To convert XML to CSV in Python, parse the XML with ElementTree (or lxml) and write rows using the csv module. Map each record node to a CSV row, handle missing data, and manage namespaces. This approach supports attributes and nested elements and scales to large files with streaming parsing.

Introduction: Why convert XML to CSV with Python?

XML remains a widely used data interchange format, but for data analysis and reporting, CSV is often easier to consume in tools like spreadsheets, databases, and data frames. The process of converting XML to CSV (often described as python xml to csv) involves mapping hierarchical XML structures to flat rows and columns. According to MyDataTables, this conversion enables efficient data analysis workflows and reproducible pipelines. In this guide, you’ll learn practical patterns for parsing XML, handling namespaces and attributes, and using a mix of built-in Python libraries and optional third-party tools to tailor the workflow to your data. The focus is on reliability, readability, and scalability, so you can adapt to small datasets or large XML files.

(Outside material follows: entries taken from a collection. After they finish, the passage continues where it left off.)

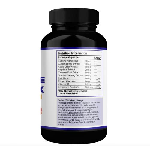 Caffeine, Guarana, Apple Cider Vinegar, Kelp Leaf, Cayenne Fruit Extract, Ginseg, Zinc, copper gluconate, B6, Chromium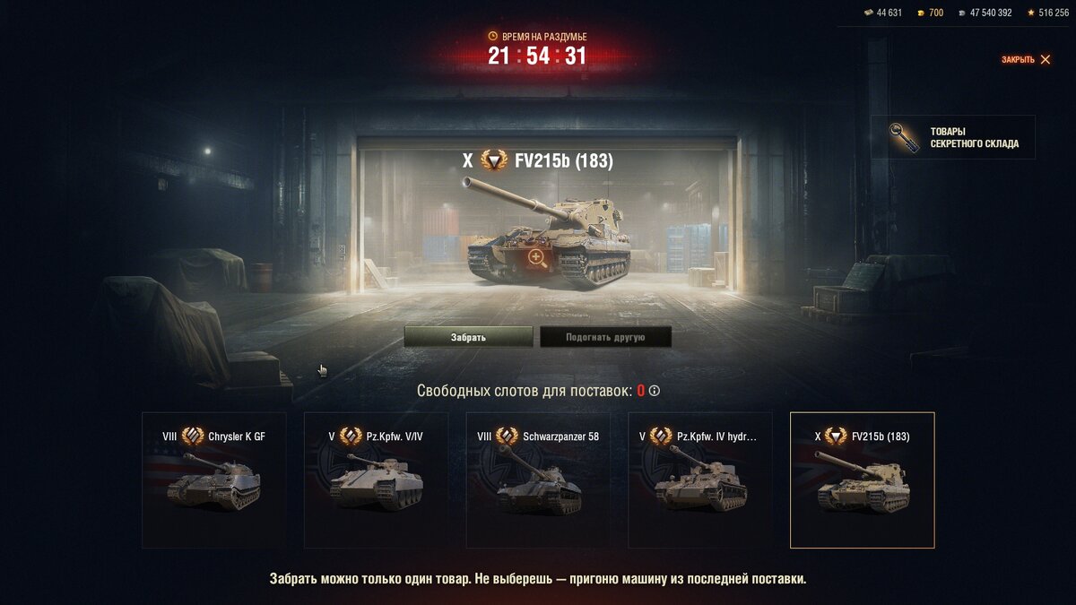 Я открыл контейнер и первым слотом сразу же выпал крайслер, его можно обменять на голду, но я решил посмотреть смогу ли я получить что нибудь другое, поэтому сделал еще 4 поставки за 5100000 кредитов. В итоге ничего интересного не выпало, а в пятый слот попалась Фв 215 183, которая мне не нужна, так как у меня есть Фв 4005, который по сути аналогичный и имеет такое же орудие.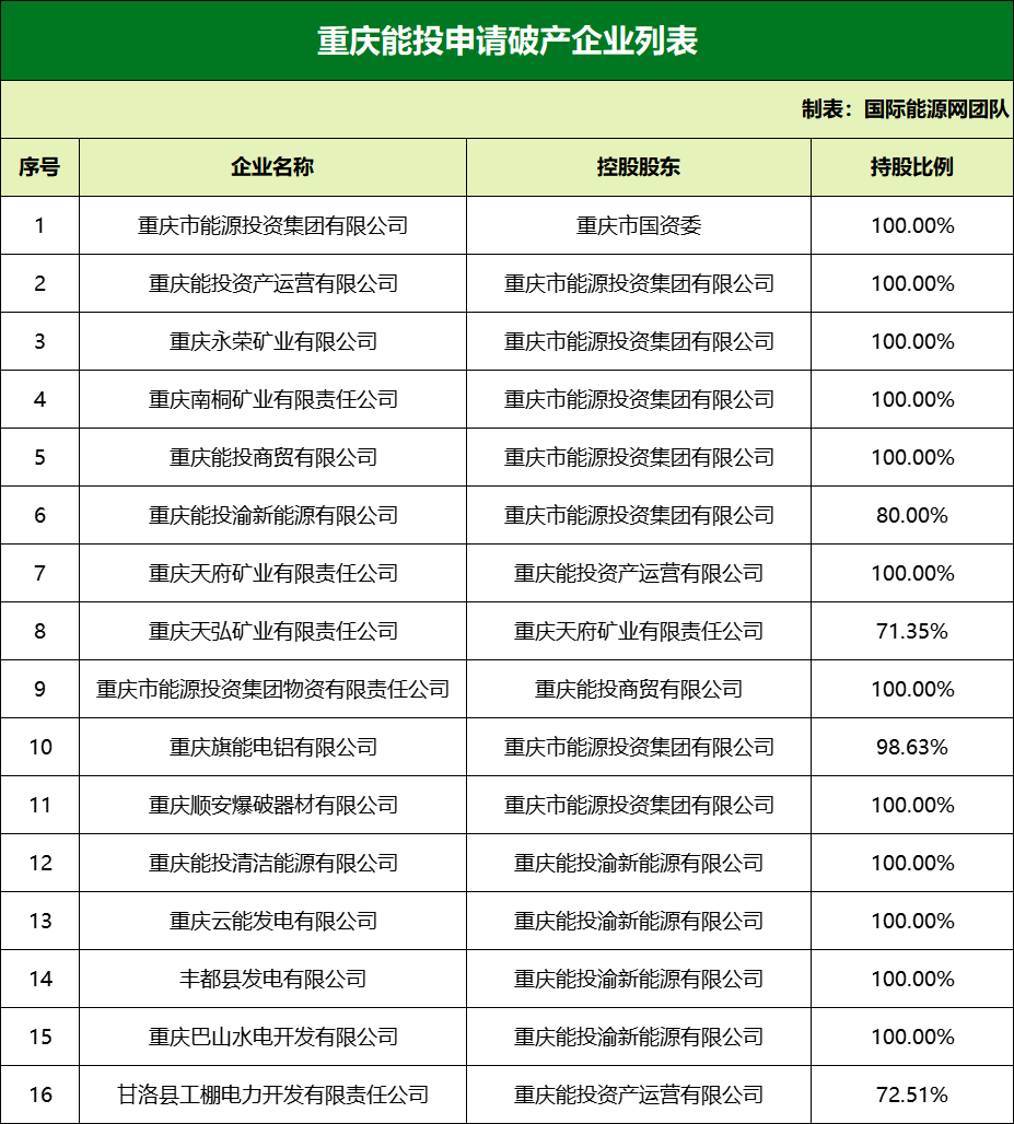 最近幾天, 重慶能源集團等16家企業(yè)申請破產(chǎn)重整的消息刷屏了網(wǎng)絡(luò)。公開資料顯示,除重慶能投外,其他15家公司均為重慶能投的控股子公司。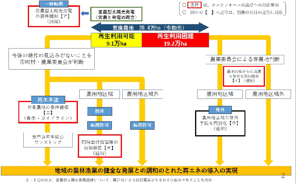 荒廃農地を活用した再エネの導入促進のために規制を見直す(出所:農林水産省)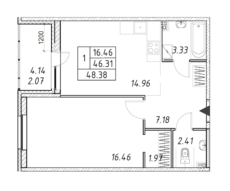 - Площадь48,38 м2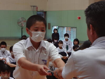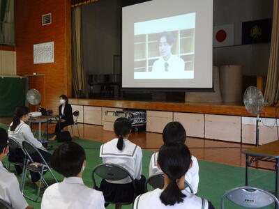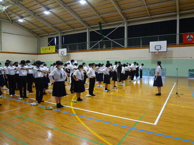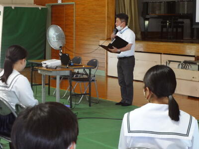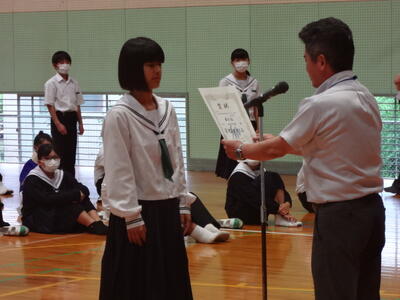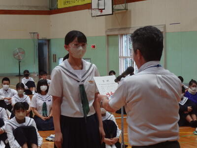 6月21日(水)のほなみの時間を活用して、表彰集会を行いました。今回は西都市バレーボール大会入賞と西都・児湯地区中学校総合体育大会の入賞者の表彰を行いました。水泳競技個人優勝、バドミントン競技準優勝の2人の表彰となりました。県大会での健闘を祈ります。

Basic XML to CSV with ElementTree

Python

import xml.etree.ElementTree as ET
import csv

# Load the XML document
tree = ET.parse('data.xml')
root = tree.getroot()

# Create the CSV writer
with open('output.csv', 'w', newline='', encoding='utf-8') as f:
    writer = csv.writer(f)
    # Header row – adjust columns to your data model
    writer.writerow(['id', 'name', 'value'])
    # Iterate over each record element (adjust path as needed)
    for rec in root.findall('.//record'):
        rid = rec.findtext('id') or ''
        name = rec.findtext('name') or ''
        value = rec.findtext('value') or ''
        writer.writerow([rid, name, value])

This minimal pattern is great for flat XML structures where each <record> contains simple child elements. It demonstrates the essential approach: parse, extract, and write. The next sections extend this pattern to handle namespaces, attributes, nested structures, and large files.

Handling Attributes and Nested Elements in XML to CSV

Python

import xml.etree.ElementTree as ET
import csv

tree = ET.parse('data.xml')
root = tree.getroot()

with open('output.csv', 'w', newline='', encoding='utf-8') as f:
    writer = csv.writer(f)
    writer.writerow(['record_id', 'type', 'category'])
    for rec in root.findall('.//record'):
        record_id = rec.findtext('id') or ''
        # Access an attribute on the <record> element
        rec_type = rec.attrib.get('type', '')
        # Nested element value
        category = rec.findtext('./category/name') or ''
        writer.writerow([record_id, rec_type, category])

Attributes require using .attrib on the element and indexing with get.
Nested elements should be addressed with explicit paths; consider defensive checks if elements may be missing.
This approach keeps the code readable while supporting richer XML schemas. If you anticipate complex nesting, build a small mapping function to normalize tags before writing.

Namespaces and Robust XML Matching

Python

import xml.etree.ElementTree as ET
import csv

ns = {'ns': 'http://example.com/ns'}  # replace with your actual namespace

tree = ET.parse('data.xml')
root = tree.getroot()

with open('output.csv', 'w', newline='', encoding='utf-8') as f:
    writer = csv.writer(f)
    writer.writerow(['id', 'title'])
    # Use explicit namespace mapping for precise queries
    for rec in root.findall('.//ns:record', ns):
        rec_id = rec.findtext('ns:id', ns) or ''
        title = rec.findtext('ns:title', ns) or ''
        writer.writerow([rec_id, title])

If your XML uses a default or multiple namespaces, you may need to adapt the namespace dictionary or switch to a lax approach that strips namespaces during processing. For very complex schemas, consider using an XML library with robust XPath support like lxml; however, ElementTree remains sufficient for many standard tasks.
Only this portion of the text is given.